__Goal of the exercise__
Locate, in the data below, the line that contains "为推保障2023届本科生毕业" and the line that contains "Naraku 4-ventilová hlava"; reproduce exactly those two lines and every line between them, nothing more.

__Source information__
=== Begin Enclosure ===
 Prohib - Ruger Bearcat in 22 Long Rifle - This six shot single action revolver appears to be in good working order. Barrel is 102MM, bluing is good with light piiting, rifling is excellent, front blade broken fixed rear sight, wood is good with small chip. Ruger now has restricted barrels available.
=== End Enclosure ===
=== Begin Enclosure ===
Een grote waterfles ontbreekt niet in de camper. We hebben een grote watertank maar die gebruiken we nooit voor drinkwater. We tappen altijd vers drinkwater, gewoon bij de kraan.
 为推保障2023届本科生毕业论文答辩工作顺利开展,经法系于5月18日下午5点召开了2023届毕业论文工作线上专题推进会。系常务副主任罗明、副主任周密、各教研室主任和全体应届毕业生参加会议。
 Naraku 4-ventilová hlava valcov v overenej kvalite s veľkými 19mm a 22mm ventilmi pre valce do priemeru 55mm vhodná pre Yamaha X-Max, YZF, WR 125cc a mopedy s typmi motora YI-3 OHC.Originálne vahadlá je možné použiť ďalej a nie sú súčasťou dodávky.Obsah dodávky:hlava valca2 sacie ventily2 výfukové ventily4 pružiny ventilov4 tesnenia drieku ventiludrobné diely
=== End Enclosure ===
__Response to the exercise__
 为推保障2023届本科生毕业论文答辩工作顺利开展,经法系于5月18日下午5点召开了2023届毕业论文工作线上专题推进会。系常务副主任罗明、副主任周密、各教研室主任和全体应届毕业生参加会议。
 Naraku 4-ventilová hlava valcov v overenej kvalite s veľkými 19mm a 22mm ventilmi pre valce do priemeru 55mm vhodná pre Yamaha X-Max, YZF, WR 125cc a mopedy s typmi motora YI-3 OHC.Originálne vahadlá je možné použiť ďalej a nie sú súčasťou dodávky.Obsah dodávky:hlava valca2 sacie ventily2 výfukové ventily4 pružiny ventilov4 tesnenia drieku ventiludrobné diely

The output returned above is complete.